Training Collaborative Filtering Models on MovieLens 100k with Different Weight Decay Values

machine learning

fastai

python

In this notebook I explore the question—how does the wd (weight decay) parameter affect model performance and weight distributions? I use the MovieLens 100k subset as the dataset.

Author

Vishal Bakshi

Published

June 3, 2024

Background

In fastai Part 1 Lesson 7 (Chapter 8 of the textbook), we are introduced to the concept of weight decay, where the sum of the squared weights multiplied by a factor wd is added to the loss. In practice, instead of adding wd times the sum of squared weights to the loss (which would result in a large values of loss which destabilizes training), we add the derivative of that to the parameters’ gradients. In pseudo code:

for param in model.parameters():
  param.grad += wd * sum(params)

By increasing the loss with the squared sum of weights, we are forcing the model to minimize the weights when it minimizes the loss, which makes the model generalize better (as large weights result in a neural net function with sharp peaks and troughs that can overfit to the training data).

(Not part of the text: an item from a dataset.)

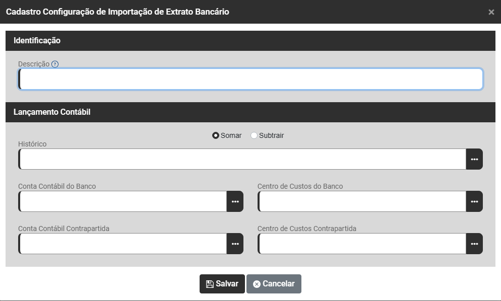 - Descrição - Preencha com a mesma descrição do campo “MEMO” do extrato bancário.

In this notebook I’ll train on the MovieLens 100k dataset using different values of weight decay and then plotting both the resulting training and validation loss curves and weight distribution to see how weight decay affects the training process and the resulting model.

Create `DataLoaders` and `Learner`

I’l re-use the code from Chapter 8 to create DataLoaders and the Learner.

from fastai.collab import *
from fastai.tabular.all import *
path = untar_data(URLs.ML_100k)

100.15% [4931584/4924029 00:01<00:00]

ratings = pd.read_csv(path/'u.data', delimiter='\t', header=None, names=['user', 'movie', 'rating', 'timestamp'])
ratings.head()

	user	movie	rating	timestamp
0	196	242	3	881250949
1	186	302	3	891717742
2	22	377	1	878887116
3	244	51	2	880606923
4	166	346	1	886397596

movies = pd.read_csv(path/'u.item', delimiter='|', encoding='latin-1', usecols=(0,1), names=('movie', 'title'), header=None)
movies.head()

	movie	title
0	1	Toy Story (1995)
1	2	GoldenEye (1995)
2	3	Four Rooms (1995)
3	4	Get Shorty (1995)
4	5	Copycat (1995)

ratings = ratings.merge(movies)
ratings.head()

	user	movie	rating	timestamp	title
0	196	242	3	881250949	Kolya (1996)
1	63	242	3	875747190	Kolya (1996)
2	226	242	5	883888671	Kolya (1996)
3	154	242	3	879138235	Kolya (1996)
4	306	242	5	876503793	Kolya (1996)

dls = CollabDataLoaders.from_df(ratings, item_name='title', bs=64)
dls.show_batch()

	user	title	rating
0	294	Money Talks (1997)	3
1	486	Crossing Guard, The (1995)	4
2	13	High Noon (1952)	5
3	878	My Life as a Dog (Mitt liv som hund) (1985)	5
4	433	Star Wars (1977)	5
5	847	Streetcar Named Desire, A (1951)	3
6	833	Akira (1988)	4
7	503	Englishman Who Went Up a Hill, But Came Down a Mountain, The (1995)	3
8	5	Last of the Mohicans, The (1992)	1
9	868	Stand by Me (1986)	4

In the text, the following Learner resulted in the lowest validation loss (0.821688) so I’ll just use that in this experiment.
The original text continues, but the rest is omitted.